I'm a sad pup today. Too much death around me.
We had a client die last night and just got notice this morning from her family, so our candle is burning in the front hall, the soft music is playing and the conversations are heartfelt.
My colleague is out for the day to attend doctor's appointments with her mom and just sent word that they did not get good news on her tests, which probably means that the anticipated cancer is the new path on her journey.

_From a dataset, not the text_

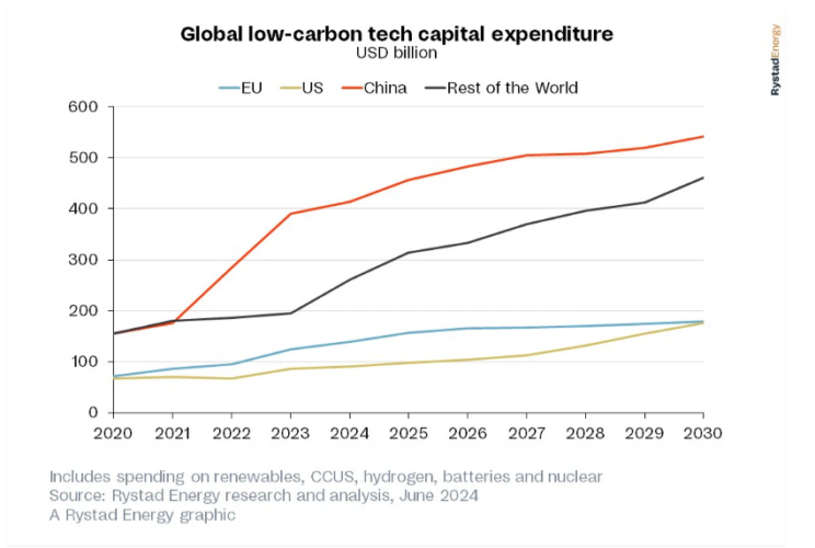 В 2023 году капитальные вложения (CAPEX) блока в чистые технологии, включая возобновляемые источники энергии, технологии улавливания, хранения и использования углерода (CCUS), водород, аккумуляторы и ядерную энергетику составили 125 млрд долларов, что значительно меньше 390 млрд долларов, которые инвестировал Китай в те же сектора. В настоящее время США отстают от ЕС по ежегодным расходам на экологически чистые технологии, вложив в 2023 году 86 млрд долларов. Однако, закон «О снижении инфляции» призван стимулировать инвестиции, в то время как расходы ЕС в ближайшие годы останутся на прежнем уровне. В 2030 году США практически сравняются с Европой по общему объему расходов на чистую энергетику, а в последующие годы обгонят ее.

England is dealing with huge storms and the deaths of many as the coast is beaten down with wind, rain and high waves.
The kids and staff returned to school today after the deadly shooting in Nevada last week. Can't imagine how these young victims are coping with the loss of a teacher and their classmates.
Here at home, the dreaded huge transmission lines were fired up today, causing sonic booms throughout our county. And a reminder that there are studies that these monster lines have been linked to cancer, autism, learning disabilities and other illnesses.
I just feel sad and hopeless all around. I've been kind to myself today, doing the basics and nothing else. Tonight, no busy plans and that's probably all I need. Time alone for a bit, then a good dinner, family togetherness and then a full nights sleep.
Hoping tomorrow is brighter ....
2 comments:
Jeez, hubby is in Alberta today, I hadn't heard about the sonic booms. You have a really tough job. You must be a very special person to be able to handle it.
Thank you for stopping in, Cheapchick!
The local newspaper is now saying the noise is planned detonations of explosives. Loud for sure!
I love my job but these are the days that bring us back to reality. But I would still not ever want to change it. Too special!